A database provides multiple autonomous applications with a centralized and homogeneous view of data. The data in a database are structured according to a schema (database definition) specified in a data definition language (DDL), and are manipulated using operations specified in a data manipulation language (DML). Data definition and manipulation languages are based on a data model that defines the semantics of the constructs and operations provided by these languages.
Managing data in multiple pre-existing databases entails dealing with their data distribution, system (e.g., DBMS) heterogeneity, and semantic (e.g., schema) heterogeneity. Approaches to managing heterogeneous databases include linking heterogeneous databases via the World Wide Web (WWW), organizing them into database federations or multidatabase systems, and constructing data warehouses. Common to these approaches is allowing component databases to preserve their autonomy, that is, their local definitions, applications, and policy of exchanging data with other databases (Bright et al. 1992).
Heterogeneous database systems have been traditionally classified by the type of schemas, extent of data sharing, and data access facilities they support.

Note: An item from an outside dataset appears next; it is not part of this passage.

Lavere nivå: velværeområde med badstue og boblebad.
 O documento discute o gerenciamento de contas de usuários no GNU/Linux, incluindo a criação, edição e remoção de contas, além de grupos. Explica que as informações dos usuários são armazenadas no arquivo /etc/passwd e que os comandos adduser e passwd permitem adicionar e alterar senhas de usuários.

Schemas supported by a heterogeneous database system include (Sheth and Larson 1990):
Thus, every database in a heterogeneous database system can provide a
subset of its schema as its export schema interface to
other databases; each database in turn,
can have import schemas describing the export schemas of other
databases in their local DDL (Heimbigner and McLeod 1985).

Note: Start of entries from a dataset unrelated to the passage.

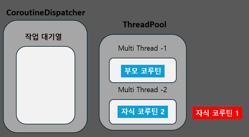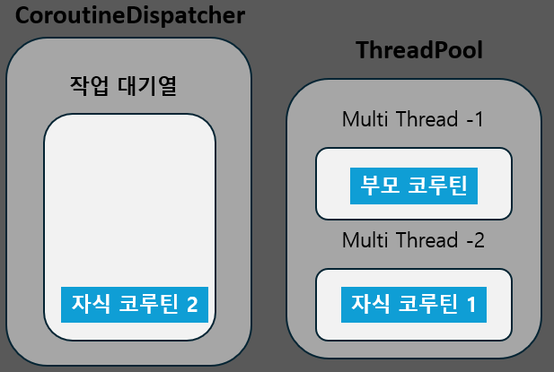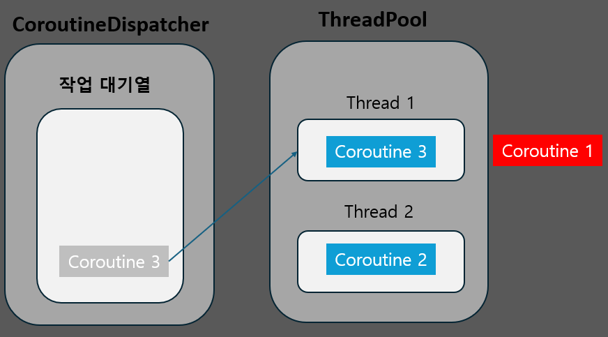 - CoroutineDispatcher는 새로 요청받은 코루틴 2를 작업 대기열에 대기시켰다가 사용 가능한 Thread가 있다면 해당 Thread로 코루틴을 전송해 실행시킵니다.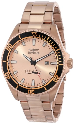 -. Binding : Watch -. Brand : Invicta -. Color : rose gold -. Department : mens -. EAN : 0886678185054 -. Feature : The Invicta Pro Diver offers classic dive styling with clean lines, a unidirectional bezel, protective flame fusion crystal, and an 18k rose gold ion-plated stainless steel case and bracelet. / Includes impact resistance, waterproof yellow watch case / Rose gold dial with black and white hands and hour markers / luminous / Water resistant to 100M (330 ft) -. IsAdultProduct : 0 -. Label : Invicta -. Manufacturer : Invicta -. Model : 15185SYB -. MPN : 15185SYB -. PackageQuantity : 1 -. PartNumber : 15185SYB -. ProductGroup : Watch -. ProductTypeName : WATCH -. Publisher : Invicta -. ReleaseDate : 2013-10-17 -. Studio : Invicta -. Title : Invicta Men's 15185SYB Pro Diver Rose Gold Dial 18k Ion-Plated Stainless Steel Watch with Impact Case -. UPC : 886678185054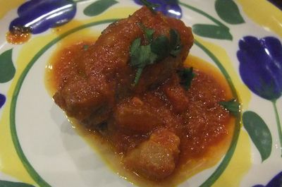 燻製チーズと生ハムの牛ロールトマト煮込みです。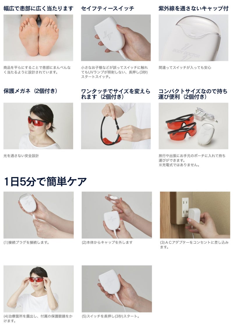 「ボディードクターUV 2」は家庭用紫外線治療器です。水虫やワキガを痛みが無く簡単ケア。白癬菌はカビによって生ずる感染症です。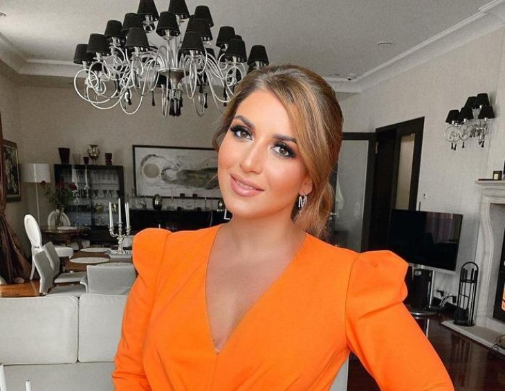 Звездная брюнетка облачилась в черный топ из небольшой полоски ткани и оранжевый жакет, слегка опускающийся на бедра. Артистка не забыла и об аксессуарах: ее образ дополнили крупные серьги-кольца и желтые очки. Певица Жасмин гордо шагала на публике в туфлях-лодочках, демонстрируя яркий образ. Недостаток одежды на уровне гениталий мать троих детей нисколько не смущал.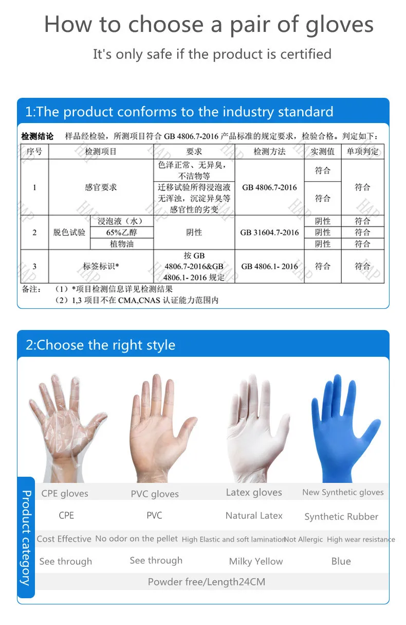 Одноразовые перчатки из ПВХ, латекса, для пищевых продуктов, для вы...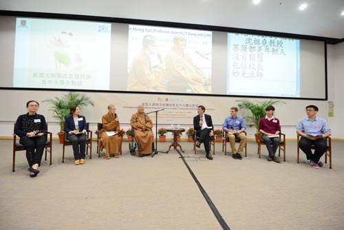 星云大师一生致力于建立、实践和推广人间佛教思想,屡次公开提出“当代社会需要人文关怀”,而这种关怀应推己及人,从亲人朋友、社会大众,进而延伸至对自然环境的关切;沈祖尧校长则一向重视人文精神,更在大学倡导成立“博群计划”,培育学生的公民责任感及贡献社会的心志,二人在坚持人文精神的态度上如出一辙。面对学生和场内人士的提问,两位人生导师字字珠玑,发人深省,让在座人士获益良多。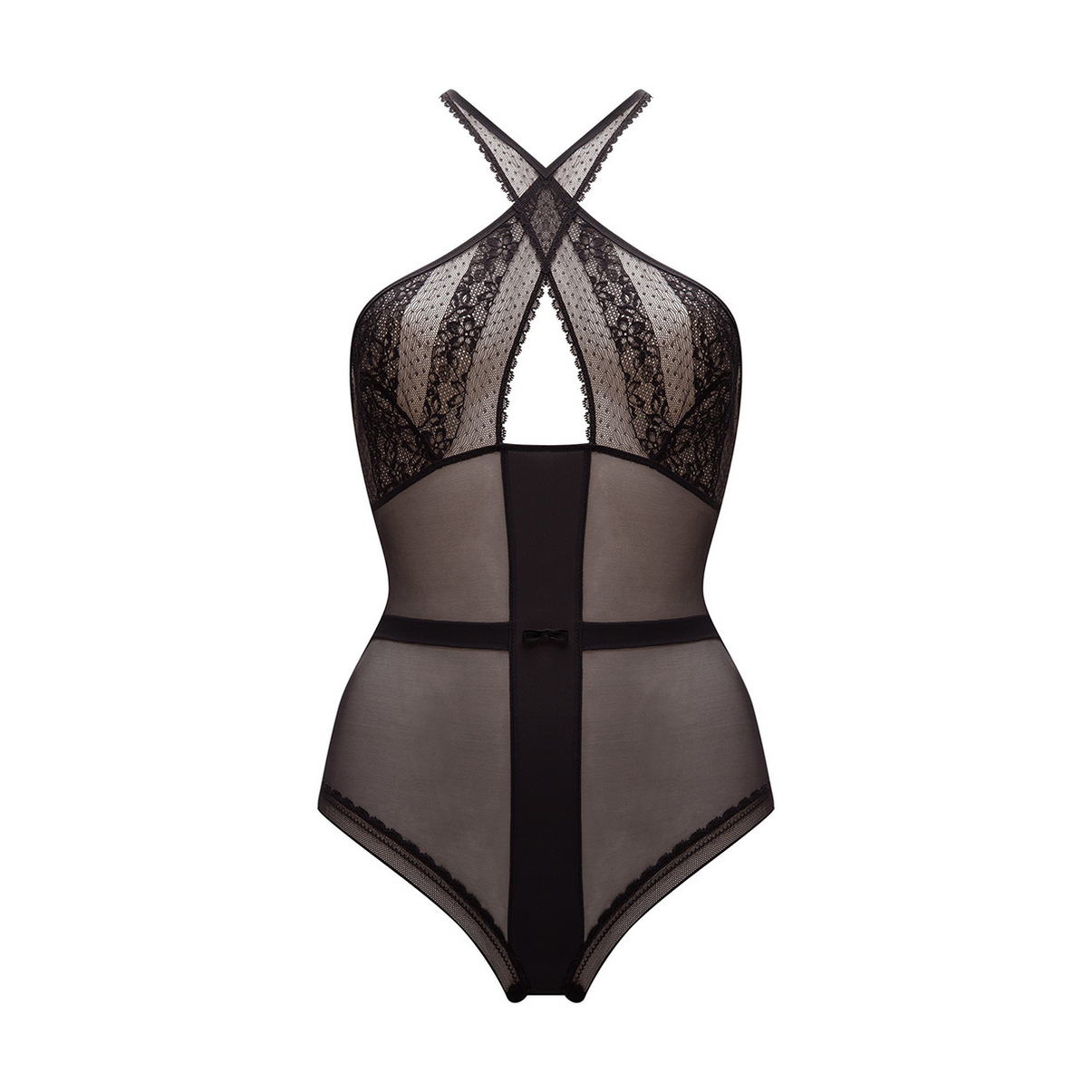 Боді з прозорого тюлю з ефектом пояса. З м'якою неординарною формою чашок, які виготовлені з мережива. Бретелі "схрестилися" на спині. Застібка між ніг.

The global schema of a heterogeneous database system can range from
a loose collection of export schemas to a fully integrated schema.
Similarly, local views of the system can range from a loose collection
of import schemas to an integration of the local schema with
all import schemas.
For example, a database federation can have a global
(federation) schema that provides users with a uniform view of
the federation and thus insulates them from the component databases,
or local views that provides users with multiple views of the
federation.
A data warehouses represents the materialization of a
global schema, that is, the warehouse database defined by the global
schema is loaded with data from the component databases.
Unlike database federations and data warehouses,
multidatabase systems are collections of
loosely coupled databases without global schemas.
Data sharing in a heterogeneous database system can be at the level of:
Individual data item links (e.g., hypertext links) between databases do not require or comply with schema correlations across databases. For schema correlations, data links need to be consistent with the constraints entailed by these correlations, such as inter-database referential integrity constraints.
Data access facilities in a heterogeneous database system can range from:
Browsing across component databases is usually based on traversing WWW hyperlinks between data items in a database to data items in another database, and does not require schema correlations. Querying a data warehouse amounts to querying a single database, where the data of all component databases are represented according to the global schema of the warehouse. Querying multiple databases is carried out by expressing queries over the global schema of the heterogeneous database system or over the component database local views of the system; query translators convert queries expressed over the global schema or local views to queries for component databases. Alternatively, a heterogeneous database system can be provided with a multidatabase query language (Litwin 1987) that allows expressing queries that refer directly to elements of component databases.
A data warehouse is sometimes confused with consolidating
heterogeneous databases into a centralized database which subsumes and
replaces its component databases.
However, consolidating heterogeneous
databases is far more complex and expensive than constructing
data warehouses. Unlike data warehouses that do not disturb component
databases, consolidation eventually discards component databases
and therefore requires consensus on common (global) names, data
structures, values, and policy. Furthermore, all existing applications
on component databases must be converted in order to comply with the
new consolidated elements. This conversion process is usually very
costly and not always feasible. Finally, manipulating
(e.g., updating) and maintaining (e.g., reorganizing) a large database
are inherently more complex processes
than for smaller component databases.
We do not intend in this paper to discuss the advantages, disadvantages, architectures, or complexity of heterogeneous database systems providing different types of schemas, data sharing, and data access facilities. Such discussions are abundant in the literature on heterogeneous database systems (e.g., see Sheth and Larson 1990). We note only that the facilities provided by heterogeneous database systems are not sufficient for a comprehensive comparison of such systems. For example, determining that IGD and GT are both based on global schemas and support data warehouse querying, provides an incomplete and therefore unsatisfactory comparison of these two systems.
2